At the collection center, Mr. Wickler, 40, a Lawrenceville resident and single father of two, relaxes in a comfortable chair while a technician tightens a tourniquet around his upper arm. A needle is inserted into an arm vein, followed by a plastic catheter attached to clear tubing.

Blood flows into a spinning centrifuge that separates the straw-colored plasma from red blood cells. The red blood cells are returned to his vein through the tubing in a repeating cycle that lasts about an hour.

When it’s over, after about a quart of liquid has been collected, he’ll drive home to sleep.

$30
billion plasma industry born around 1941

If he makes all his appointments, he is paid about $300 a month. The money helps pay private school tuition for his 10-year-old daughter. And it helps cover the cost of groceries and gas.

Selling plasma is also part of a weekly routine for Nathaniel Parks, who lives in the basement of a rambling personal care home in Wilkinsburg. Mr. Parks, whose day job is driving a shuttle bus, saved two months of his plasma money to buy a digital Yamaha piano. One day he’d like to play at church services.
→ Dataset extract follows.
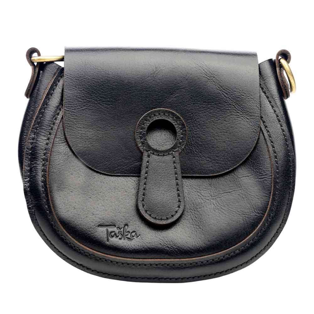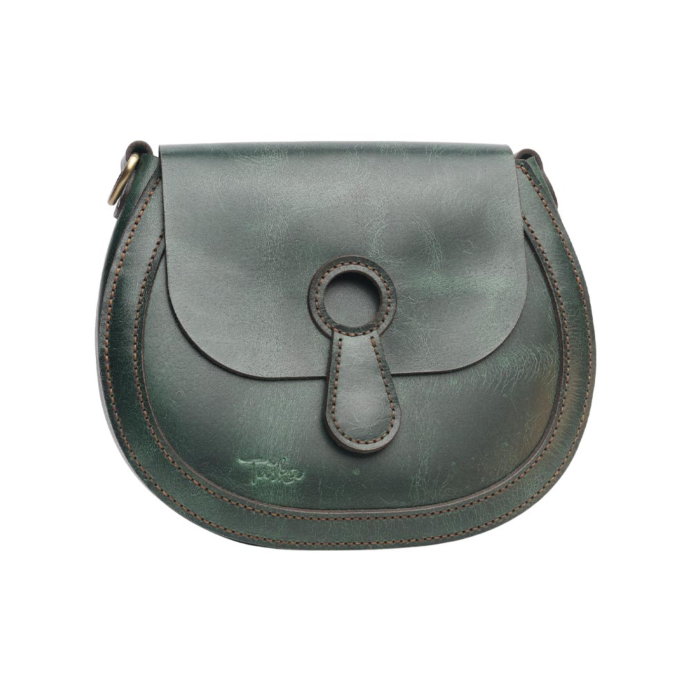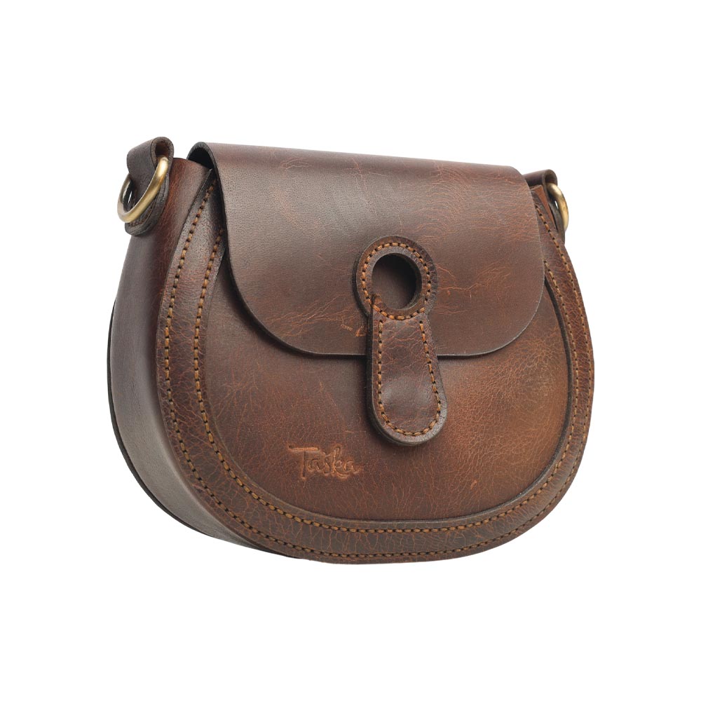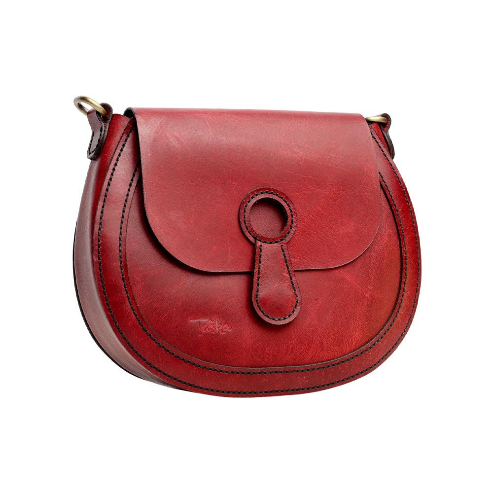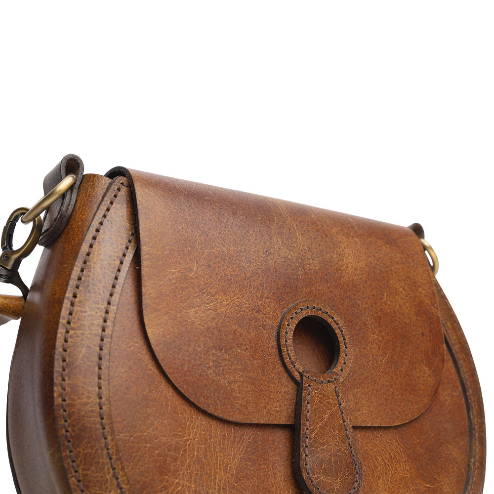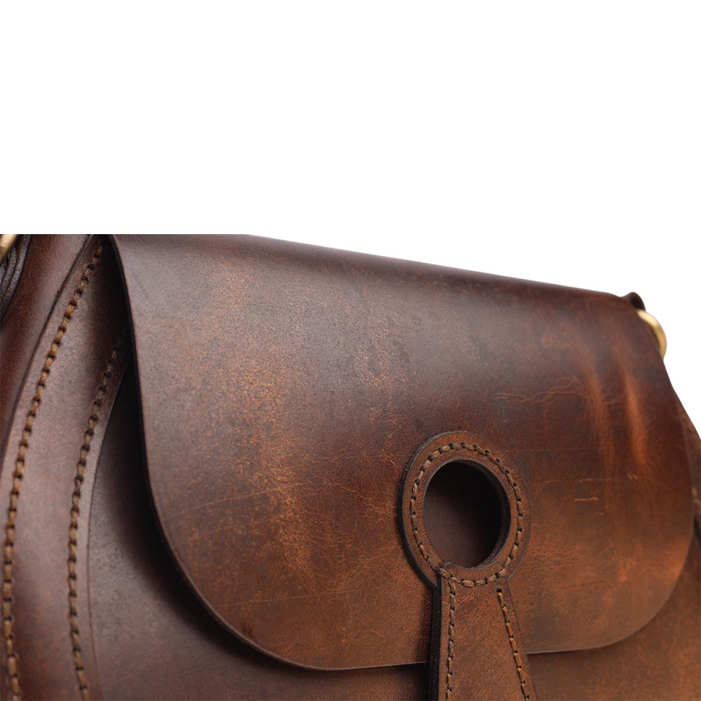 This elegant leather saddle bag combines vintage charm with modern functionality. Made from durable Buffalo full-grain leather with a unique Crazy-horse finish, it features a magnet closure for easy opening and two adjustable straps for versatile wear. The Hand-stitched design ensures quality craftsmanship, while an internal pocket with a card holder adds practicality, making it perfect for everyday use or special occasions.

Selling his fluids also means having cash to get his teeth cleaned, change the oil in his car, and buy chicken and steak rather than baloney, he said.

Without the money, the 57-year-old said, “I’d be short.”

Retired McKeesport contractor Dave Gutierrez-Faust, 65, goes to the Grifols SA collection center in Penn Hills the maximum allowable eight times a month. He uses the money to enjoy a meal out now and then — Golden Corral restaurant is a favorite. He also likes to treat himself to occasional movies at the local discount theater.

Laughing, he calls the earnings “my blood money.”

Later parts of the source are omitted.